Maria Grazia Bongiorni (ed.)Transvenous Lead ExtractionFrom Simple Traction to Internal Transjugular Approach10.1007/978-88-470-1466-4_1© Springer-Verlag Italia 2011

1. Importance of Knowing Lead and Patient Interaction

Raffaele De Lucia¹ , Giovanni Coluccia¹, Stefano Viani¹ and Luca Paperini¹

(1)

2nd Cardiovascular Department AOUP, Santa Chiara University Hospital, Pisa, Italy

Abstract

The implantable cardiac pacemaker (PM)/defibrillator is a technically sophisticated system composed of a generator connected to one or more leads. Pacemaker/defibrillator leads play a pivotal role for system function, delivering the output pulse or the endocardial shock from the generator to the myocardium and acquiring spontaneous intracardiac electrogram from the heart to the device. Leads are also the most frequently involved component in case of system malfunction, and when a generator-pocket infection is present, their extraction — always necessary to guarantee complete resolution — is a challenge. The success of lead extraction is highly influenced by lead characteristics; for that reason, this chapter is dedicated to lead technology, i.e., polarity, electrodes, fixation mechanisms, electrode-tissue interaction, conductors, insulators, and connectors, with particular attention to aspects that may interfere with the extraction procedure. We discuss separately cardiac PM and defibrillator leads to emphasize their different technology.

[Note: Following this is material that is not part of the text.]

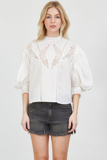 Ethereal and romantic, this boho-inspired blouse features intricate lace and pleated front details. The design showcases elegant 3/4 puff sleeves and a convenient button closure at the back of the neck.

1.1 Structure, Function, and Clinical Aspects of Pacemaker and Defibrillator Leads

The implantable cardiac pacemaker (PM)/defibrillator is a technically sophisticated system composed of a generator connected to one or more leads. Pacemaker/defibrillator leads play a pivotal role for system function, delivering the output pulse or the endocardial shock from the generator to the myocardium and acquiring spontaneous intracardiac electrogram from the heart to the device. Leads are also the most frequently involved component in case of system malfunction, and when a generator-pocket infection is present, their extraction — always necessary to guarantee complete resolution — is a challenge. The success of lead extraction is highly influenced by lead characteristics; for that reason, this chapter is dedicated to lead technology, i.e., polarity, electrodes, fixation mechanisms, electrode-tissue interaction, conductors, insulators, and connectors, with particular attention to aspects that may interfere with the extraction procedure. We discuss separately cardiac PM and defibrillator leads to emphasize their different technology.

1.1.1 Pacemaker Leads

1.1.1.1 Lead Polarity

Transvenous lead polarity simply indicates the number of electrodes in contact with the heart. A unipolar lead has only one electrode, the cathode, on his tip. In this configuration, the PM case serves as the anode of the circuit (Fig. 1.1). A bipolar lead has two electrodes at the distal end separated by a short distance. The tip electrode is the cathode, and the proximal ring electrode serves as the anode (Fig. 1.2). In this configuration, the PM case is not involved in the electrical circuit. The distance between tip and ring electrode varies with manufacturer and design.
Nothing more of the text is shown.